German director Michael Verhoeven’s “Let’s Go,” about the daughter of concentration camp survivors who have chosen to stay in Germany, provides a commentary on postwar Germany and German Jews’ unique relationship with the country of their birth.
“Felix and Meira” will close the festival on January 29. By director Maxime Giroux, it is about an Orthodox Jewish wife and mother, marked by an undercurrent of rebelliousness, who meets Felix, a middle-aged atheist adrift without family ties. Set in the hipster Mile End neighborhood of Montreal, the film sets its sights on the social and religious boundaries that somehow constrict Meira. Actress Hadas Yaron was Shira in the acclaimed 2012 Israeli film about the chasidic world called “Fill the Void.” There, she was a devoted sister and daughter. This time, as Meira, she wants to break free. Like filmmakers before her, including Boaz Yakin with 1998’s “A Price Above Rubies” and Adam Vardy with his “Mendy” in 2003, Giroux is finding the exotic flavor of chasidic life provides a wonderful setting for movies about forbidden love.

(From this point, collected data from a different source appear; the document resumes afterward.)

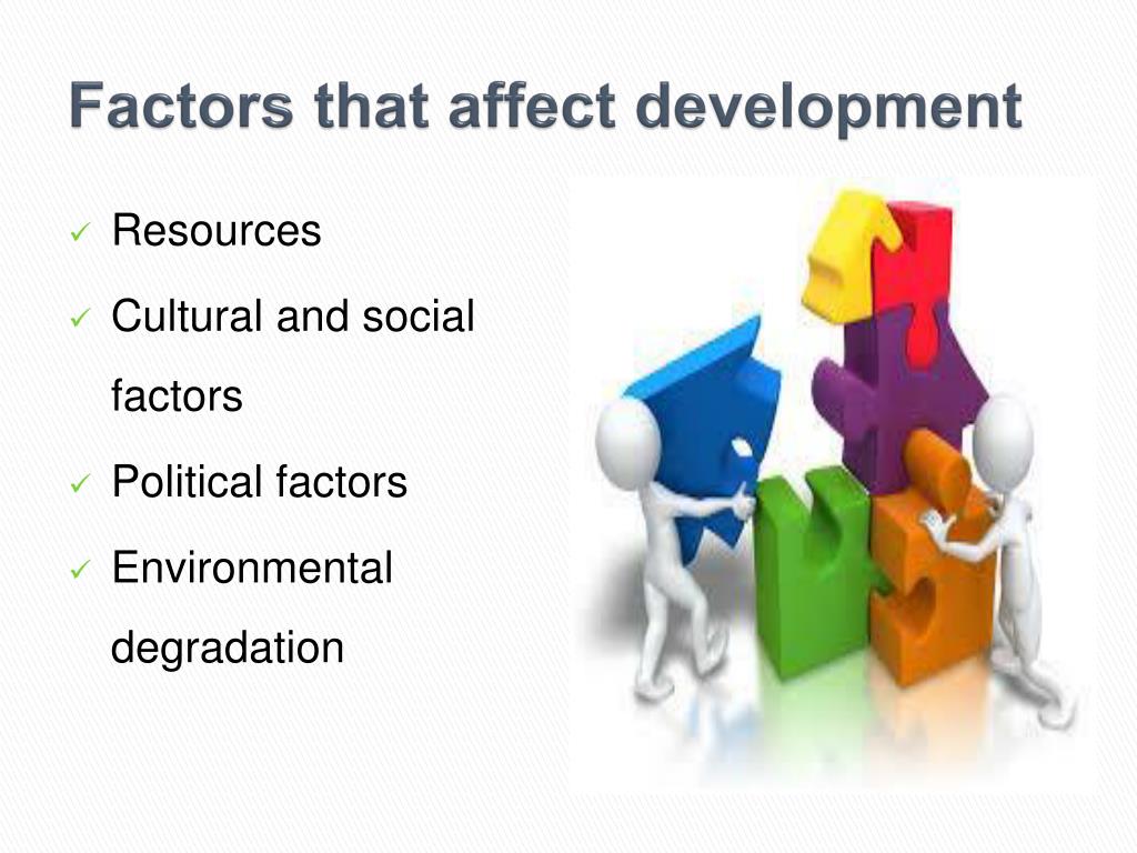 Frameworks for development. Factors that affect development. Factors that affect development. Resources Cultural and social factors Political factors Environmental degradation. 1. Resources. This refers to anything that people can use to improve their living conditions .
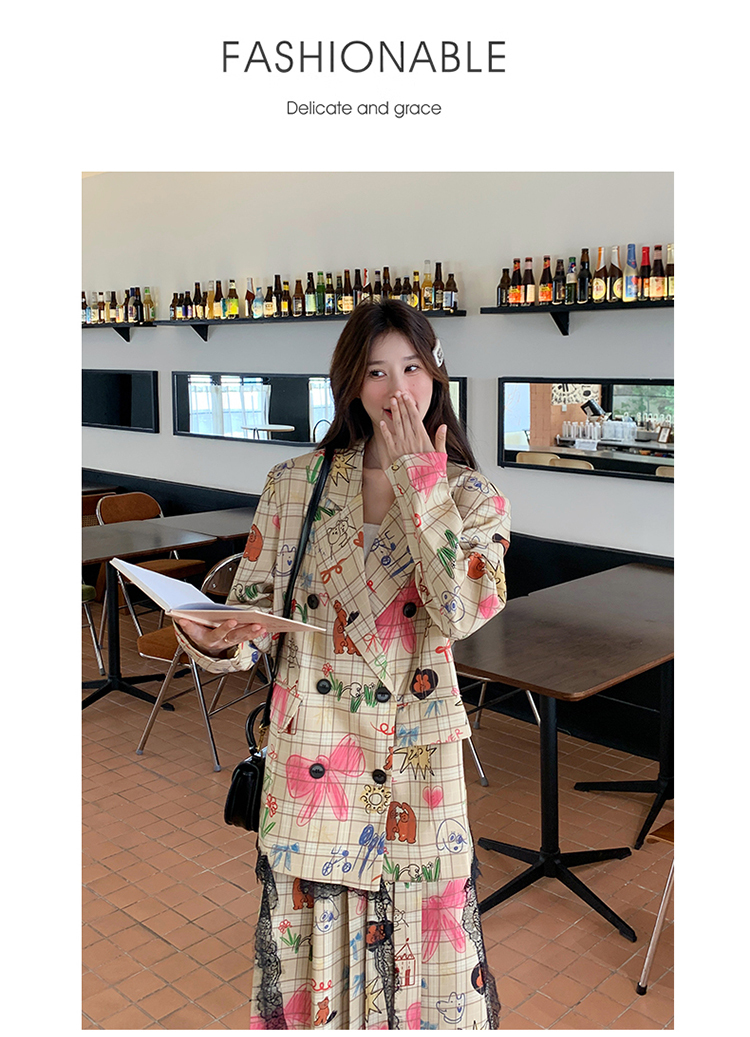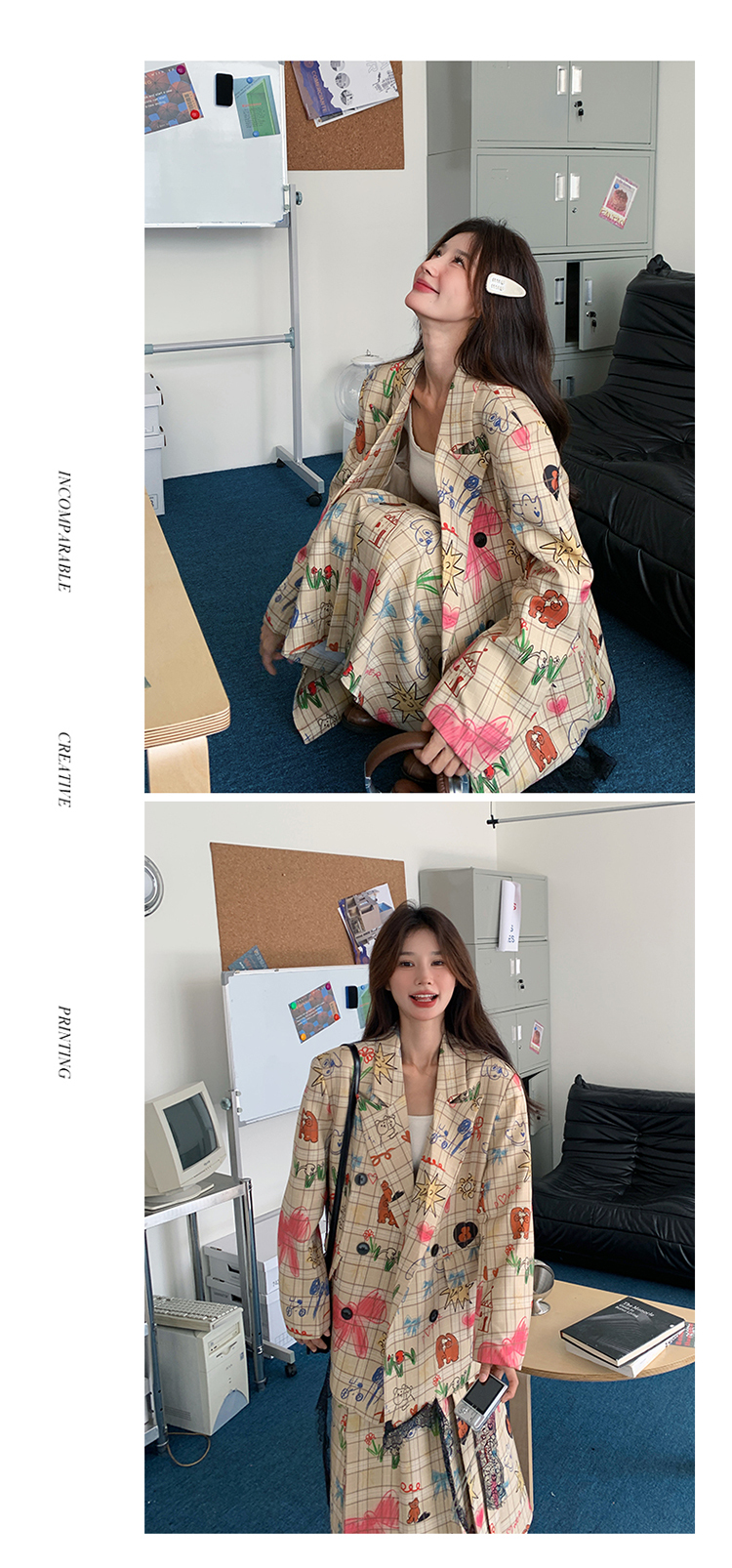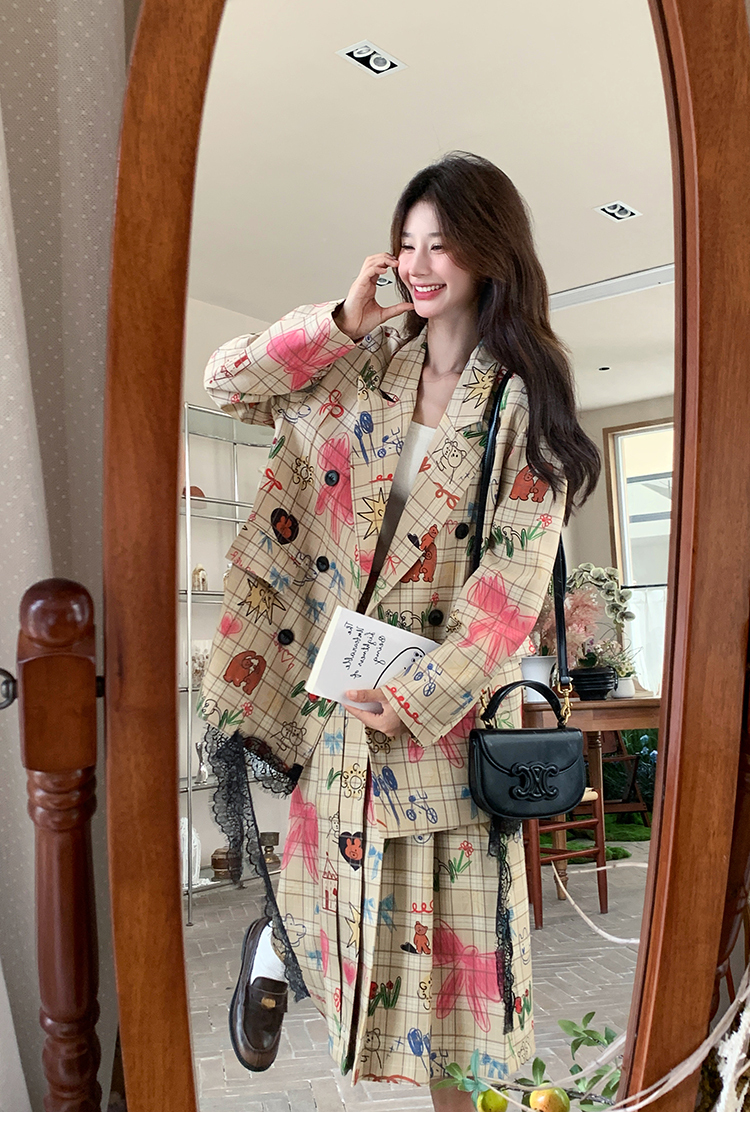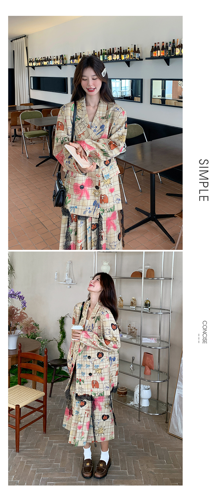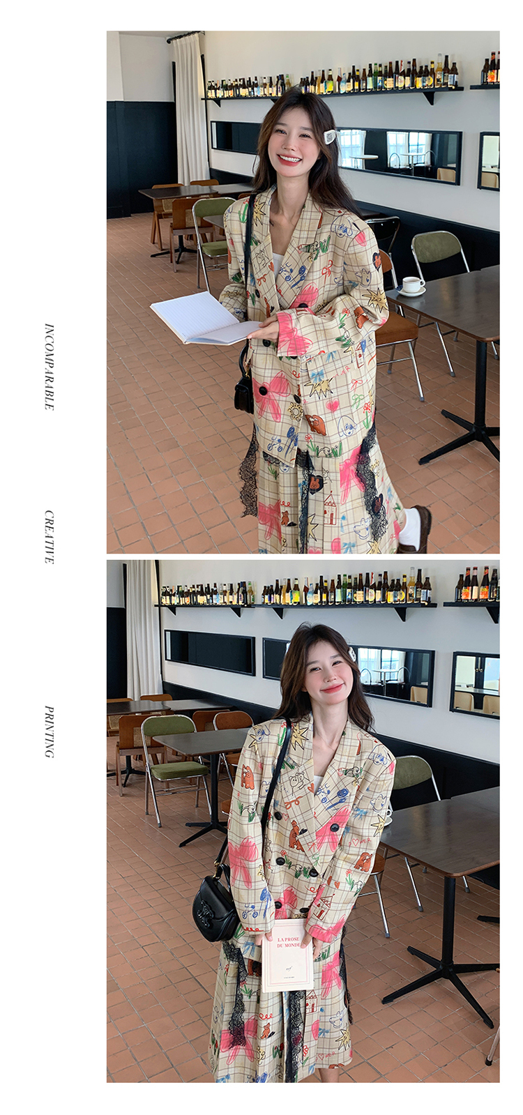 獨家訂製│2件式 韓系復古風塗鴉西裝外套+A字裙(10H7249)
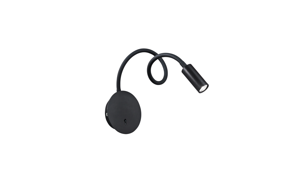 Focus ha il diffusore fissato a un braccio flessibile orientabile rivestito in gomma, tutto in finitura nero opaco [Ideal Lux, ø cm 8,5x55].
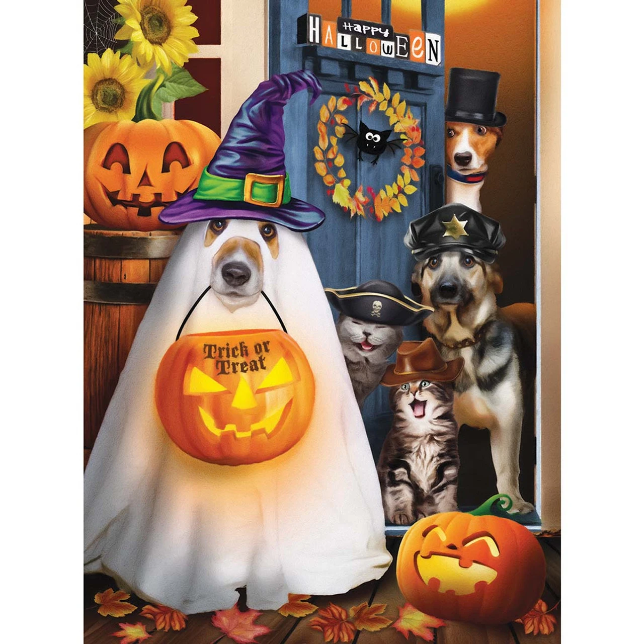 • The puzzle image features a dog dressed as a ghost wearing a witch’s hat holding a jack-o’-lantern bucket that reads trick or treat standing outside a doorway filled with cats dressed as a pirate and cowboy and dogs dressed in a policeman’s hat and a top hat surrounded by Halloween decorations and autumn foliage.
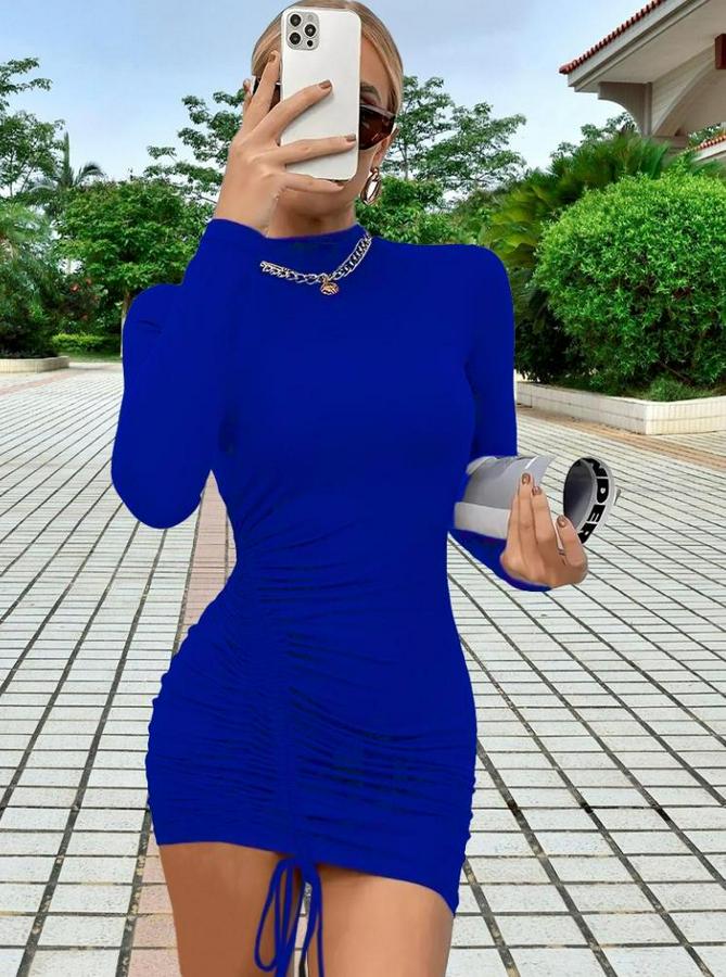 Kadın Uzun Kollu Sağ Belden Sol Etek Ucuna Doğru Hafif çapraz Büzgülü Sandy Mini Boy Elbise
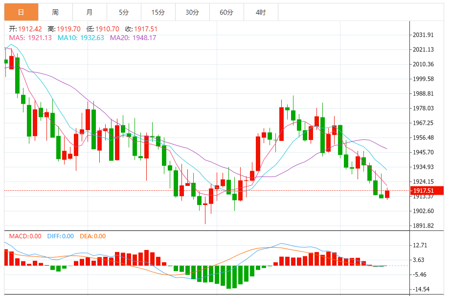 香港时间18:08,现货黄金报1917.96美元/盎司。
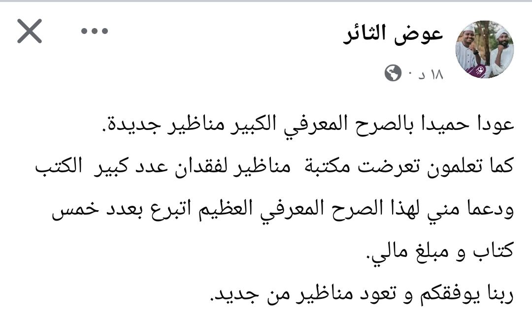 معمر موسى الحبيب عوض الثائر يتبرع بعدد 5 كتب ومبلغ مالي لصالح مشروع إعادة تأهيل مركز مناظي… By null Published September 1, 2025 Share SHARE Facebook Twitter Pinterest LinkedIn[ad_1] الحبيب عوض الثائر يتبرع بعدد 5 كتب ومبلغ مالي لصالح مشروع إعادة تأهيل مركز مناظير جديدة. [ad_2] Source Facebook Twitter Pinterest LinkedIn Share This Article Facebook Twitter Email Print Previous Article النائب العام المعينة كانت متعاونة مع القحاته Next Article \u062e\u0637\u0627\u0628 \u0642\u0648\u064a \u0648\u062a\u0627\u0631\u064a\u062e… Leave a Comment Leave a Reply Cancel replyYour email address will not be published. Required fields are marked *Comment * Name * Email * Website Save my name, email, and website in this browser for the next time I comment. Δ SearchSearchRecent Postsأكرمنا الله صباح اليوم الأحد بلقاء إخوةٍ كرام، على ضفة النيل الأزرق، حيث شاي الش… أعلن بنك السودان المركزي في منشور إدارة السياسات رقم (2025/15) رفع الاحتكار عن ا… ندوة بعنوان: القانون الدولي والسيادة الوطنية قراءة في موقف السودان من لجنة تقصي … والي نهر النيل تستقبل وزير الموارد البشرية والرعاية الاجتماعية الوزير يشيد بالأ… كامل ادريس: رئيس اللجنة السياسية لمؤسسات الدولة السودانية. Recent CommentsNo comments to show.
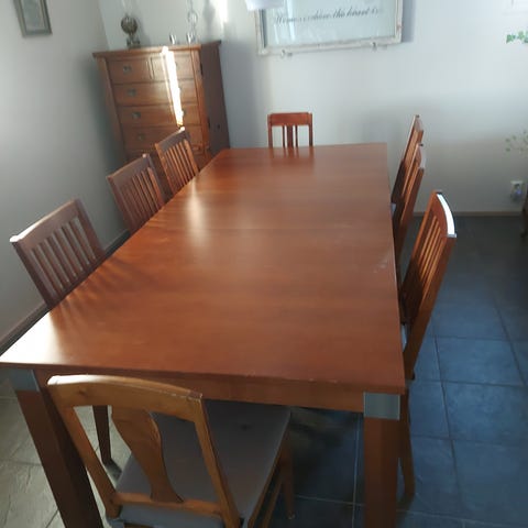 Kevyt siirrellä, siro ja hyvä istua. Omasta mielestäni kauniskin.. kun käyttää pöytäliinaa.
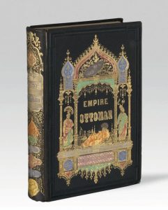 LAVALLÉE (Théophile). Histoire de l'empire Ottoman depuis l'état ancien jusqu'à nos jours. Paris, Garnier, 1855. Grand in-8, plaque mosaïquée représentant un pacha avec 2 janissaires dans un encadrement arabisant, dos orné, sur le second plat fleuron doré au dromadaire (Cartonnage de l'éditeur).
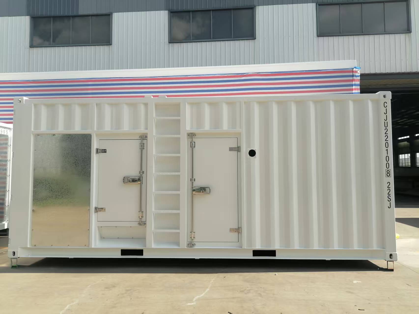 用集装箱结构做为箱体,箱内安装柴油发电机组、燃油箱以及其它专用成套设备与附件,集装箱设有进出风道、百叶窗、消声系统、照明系统及其它辅助配套系统。其优点在于运输方便、低噪音运行、散热性能好、维护方便。
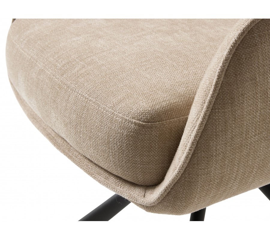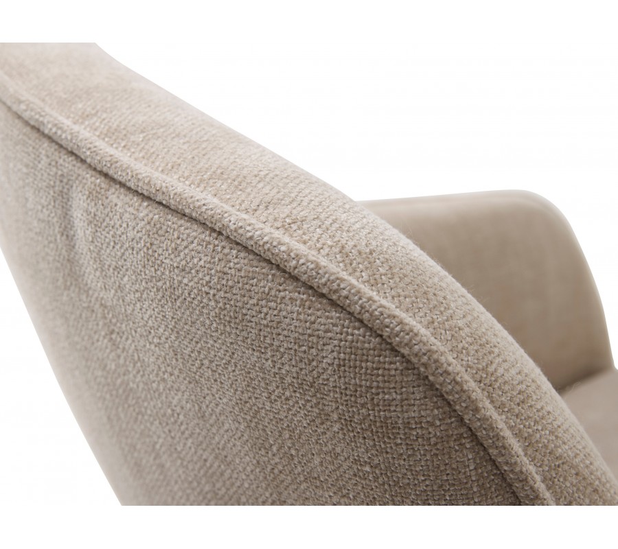 Poťah tvorí odolné mikrovlákno, ktoré si zachováva svoj vzhľad aj pri intenzívnom každodennom používaní. Látka má jemnú štruktúru so ženilkovým efektom, vďaka čomu je príjemná na dotyk. Béžová farba dodáva stoličke teplý charakter. Kovová podnož v čiernom prevedení vytvára kontrastný akcent s industriálnym nádychom.
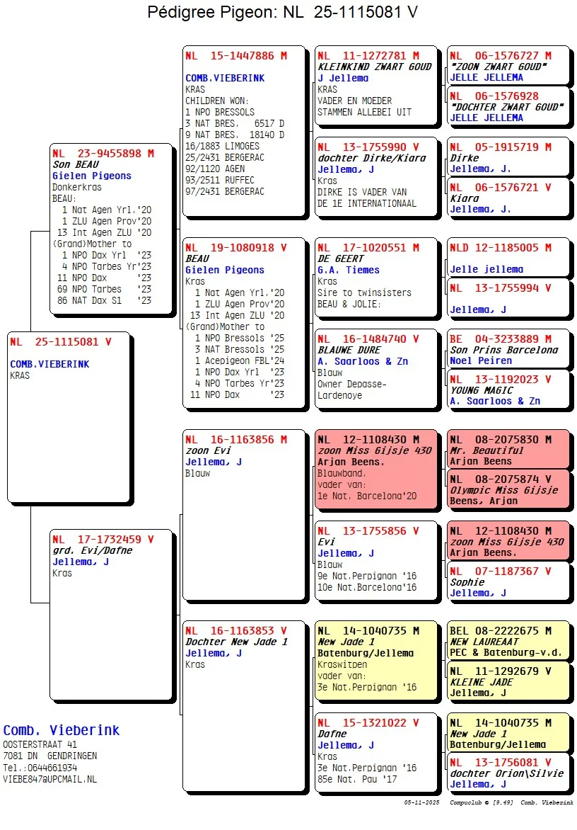 Vader NL23-9455898 Zoon “Beau” Gielen Pigeons.
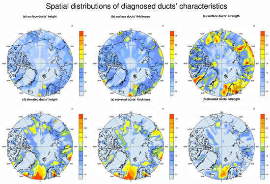 In the few studies on Arctic atmospheric duct characteristics, researchers have typically relied on single-station observations or reanalysis datasets for duct diagnosis and analysis. For example, Qin et al. [22] used the ERA–Interim reanalysis data from the European Centre for Medium-Range Weather Forecasts (ECMWF) to analyze the climatic characteristics and variations of atmospheric ducts in the Arctic from 1989 to 2018. Their findings revealed that the overall frequency of atmospheric ducts in the Arctic was relatively low, with surface ducts occurring two to three times more frequently than elevated ducts. Zhu et al. [23] analyzed the characteristics of atmospheric ducts in the Svalbard Islands in the Arctic using reanalysis data. They found that the surface duct occurrence rate was 12.6%, with an average intensity of 1.30 M and an average thickness of 13 m.

As always, the New York Jewish Film Festival has an excellent mix of films. The festival, which began on Wednesday, January 14, continues through Thursday, January 29. I only wish that the selection committee would have placed more truly Jewish films at Lincoln Center during the two weeks of its run.
You can but tickets online or in person at the Film Society’s Elinor Bunin Munroe Film Center and Walter Reade Theater box offices at 144 and 165 West 65th Street. For more festival information, go to www.NYJFF.org.